Les femmes se réjouissent de l’apport du moulin
Awa Gakou, une vendeuse de farine et de beignets, témoigne de l’importance des moulins pour les ménages. « Je vends de la farine et des beignets. C’est grâce aux moulins que mes activités marchent. Avec les mortiers, il faut prendre des heures ou même toute la journée pour piler et c’est fatiguant. Mais avec les moulins, quelle que soit la quantité de tes céréales, tu as ta farine bien moulue en quelques minutes. Je pars au moulin tous les matins pour faire la farine de maïs et les soirs pour les beignets. Cela ne serait pas possible avec le mortier. Les prix ne sont pas trop élevés. Sans les moulins, je ne pourrai exercer mon activité, ni même faire ma cuisine », affirme-t-elle.
Awa Sanou, une vendeuse de faro rencontrée chez Salif Soumandé explique à son tour que le travail du mortier est très lent par rapport au moulin. « Le moulin nous permet de gagner en temps. Personnellement, je ne peux pas piler le haricot pour faire le faro.

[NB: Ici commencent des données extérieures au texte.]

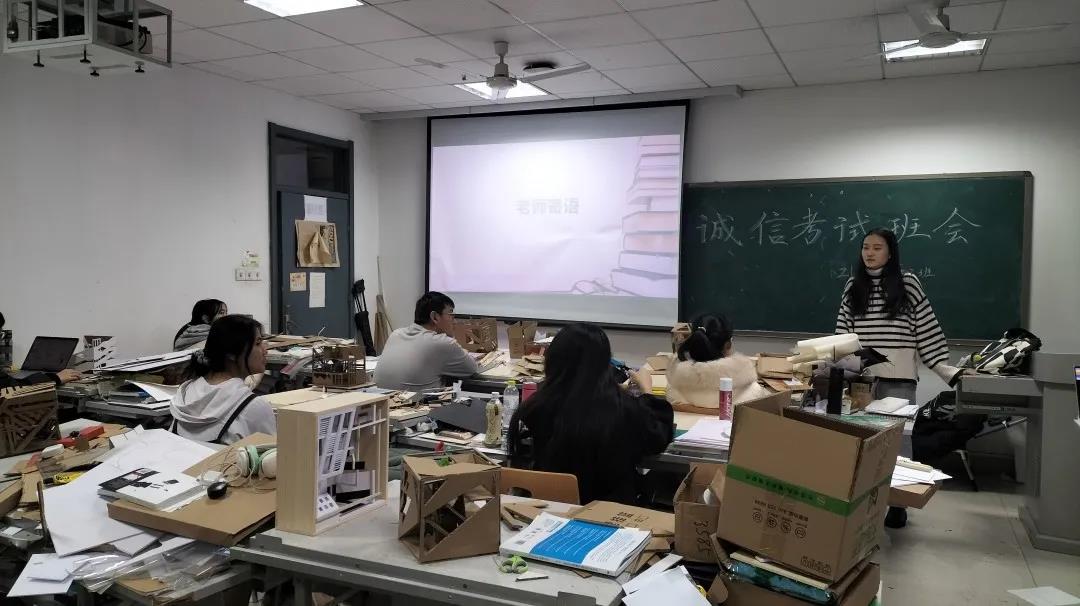 12月17日下午5时,2021级建筑系一班于兴隆山校区实验楼522教室召开考试诚信教育班会。班长洪瑜主持,班主任沈中健老师出席,班级全体同学参加。洪瑜为同学们宣读了Beat365官方网站本科生考试守则,讲解了考试流程以及注意事项,并强调应坚决诚信应考。沈中健老师对本次会议做了总结,再次强调诚信应考的重要性,并希望同学们认真复习,积极备考。

Il y a beaucoup de choses qu’on ne peut faire avec le mortier, mais avec le moulin, c’est très facile et moins cher. Donc au lieu de te fatiguer à piler, il suffit de venir au moulin et en quelques instants tu as ta farine et tu passes à autre chose ».

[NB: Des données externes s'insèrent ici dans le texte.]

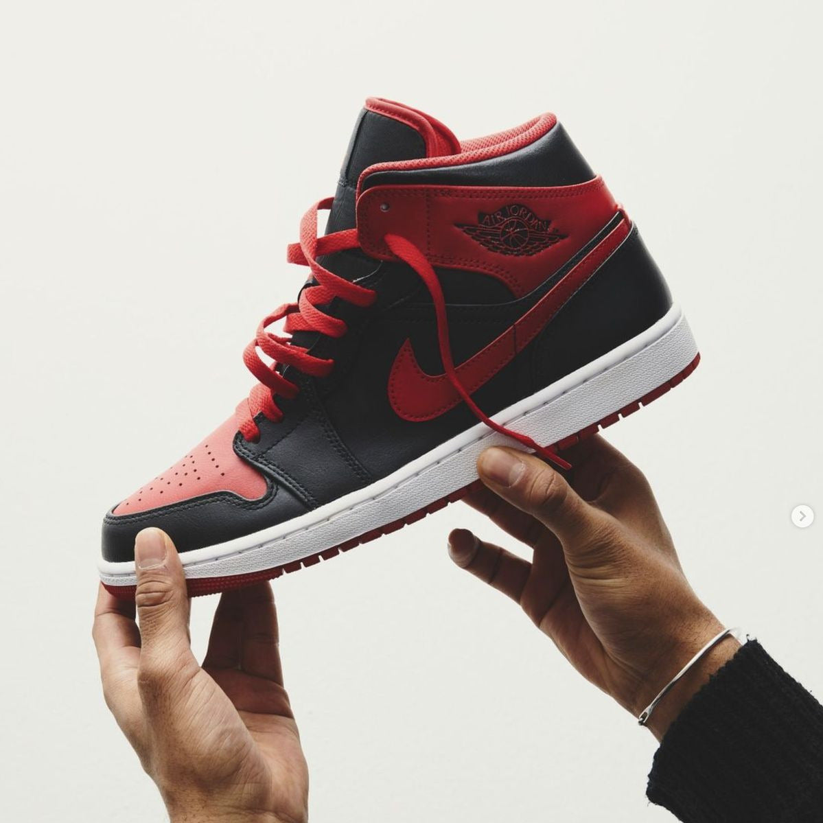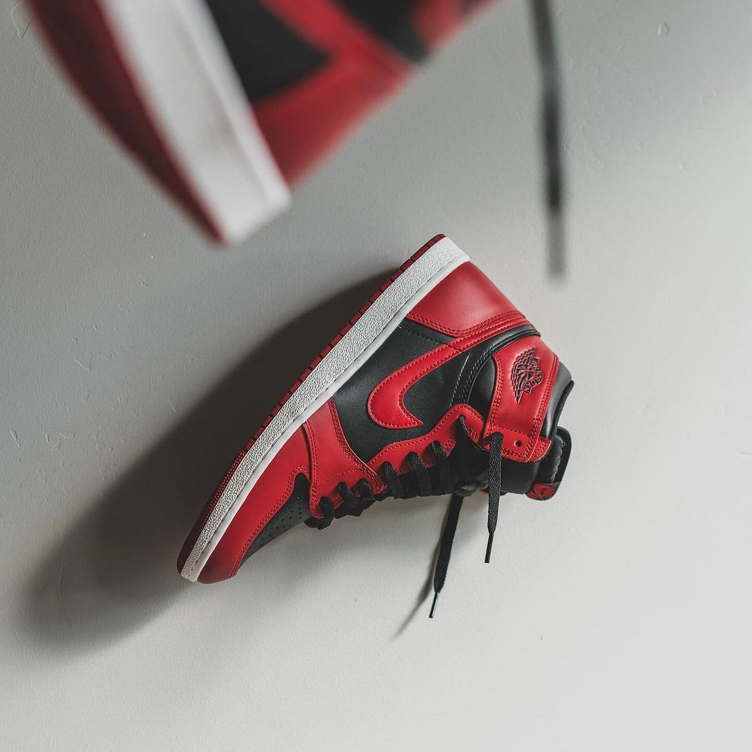 The Air Jordan 1 Mid 'Alternate Bred / Black Fire Red' is a striking homage to the most legendary colorway in basketball history. By shifting the classic red-and-black distribution of the original 1985 "Bred," this iteration offers a fresh but familiar "Alternate" look. The design features a predominantly black leather heel and eyestays, while the "Fire Red" is reserved for the toe box, Swoosh, and ankle collar. This subtle reconfiguration creates a sleeker, more modern aesthetic while maintaining the aggressive Chicago Bulls DNA that fans demand.

Safiatou Ouédraogo, assise à côté de Awa estime que l’heure n’est plus à l’usage du mortier. « De nos jours, les gens ne veulent plus piler. On retrouve rarement le mortier et rares sont les femmes qui savent piler. Avant, je pilais le maïs pour faire de la farine mais j’ai arrêté. On a tendance à faire croire qu’on pile par manque de moyen. C’est ce qui pousse les gens à se tourner vers les moulins. En plus, le moulin est plus performant que le mortier. Avec le moulin, fini les corvées de pilage. Il suffit de te rendre au moulin et le travail est vite fait », dit-elle.
Les difficultés rencontrées par les meuniers
En ce qui concerne les difficultés, les meuniers en évoquent plusieurs. Les coupures d’électricité sont leur principal problème. « Les coupures d’électricité perturbent notre travail, surtout les matins, car c’est à ce moment que nous avons la clientèle. Ce matin même il y avait un délestage. Il y a aussi certaines femmes qui veulent un travail bien fait mais n’acceptent pas dépenser. On ne peut pas travailler dans ces conditions », déplore Karim Gansonré.
Pour Salif Soumandé, en plus des délestages comme difficulté, il n’arrive pas à réaliser convenablement de bénéfice. « Je peine à faire des bénéfices car les factures d’électricité et l’entretien des machines me coûtent cher. En plus de cela, je dois payer les employés », a-t-il laissé entendre. Malgré tout, ces difficultés ne les effraient pas. « C’est la nature de toute activité », disent-ils. Avec l’initiative du gouvernement d’accroitre la production locale d’électricité, les meuniers nourrissent l’espoir qu’un jour ces difficultés prendront fin.